そもそも、スマホがあるのにわざわざ紙で日程希望なんて取る山本先生が悪いのだ。心の中で担任に八つ当たりをしつつ、おれは熱いシャワーを頭から被る。
風呂場の鏡に映った傷跡を見るともなしに眺めつつ、ふんとおれは鼻を鳴らした。
(みんなして慧をおれの保護者だのなんだのって……!)
ニコイチとやらのレトロな響きでセット扱いされるならともかく、おれが一方的に慧に世話されているかのような言われ方は納得がいかない。
たしかに慧は見た目も中身も基本的にはイケメンではあるものの、みんなが思うほどあいつは大人じゃない。現に、おれがちょっとばかし犬養さんの話をしていたというだけで、やきもちを焼いて拗ねていたくらいだ。

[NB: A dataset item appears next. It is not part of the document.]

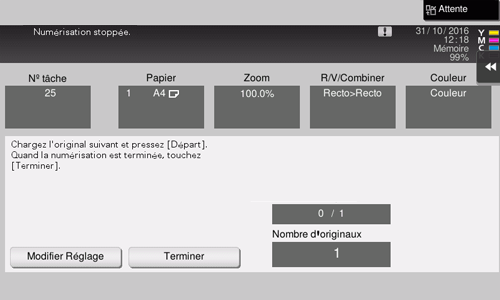 Chargez l'original suivant, puis appuyez sur la touche Départ.

そこまで考えたところで、はたとおれはシャンプーをする手を止めた。
(……ん? やきもち?)
そうだ。やきもちだ。
すっきりとして、おれはぽんと手を打った。
保護犬を長期間預かっていると、うっかりよその犬に気を取られたとき、その預かっている犬がやきもちを焼いて怒り出すことがたまにある。おれたち家族を好きになってくれたからこそ、犬はおれたちの関心がよそに向くことが嫌なのだ。
慧が見せた反応は、まるきりそれと同じに見えた。
(なるほどなあ。あいつ、おれに構ってほしかったのか)
慧も何か話したいことがあったのかもしれないし、単純におれが犬養さんばかりを褒めるものだから面白くなかったのかもしれない。
「ガキだなー、あいつ……」
じわじわと勝手に口角が上がっていく。
慧がおれの保護者みたいだと周りは言うが、とんでもない。たしかにおれにも抜けているところがあるにはあるが、実際のところ面倒くさいのはあいつの方だ。
(慧の言ってた見込みのない恋っていうのも、聞き出さないとな)
おれに隠しごとをするなんて許さない。
キュッと蛇口を捻って止めて、おれはいそいそと風呂場を出た。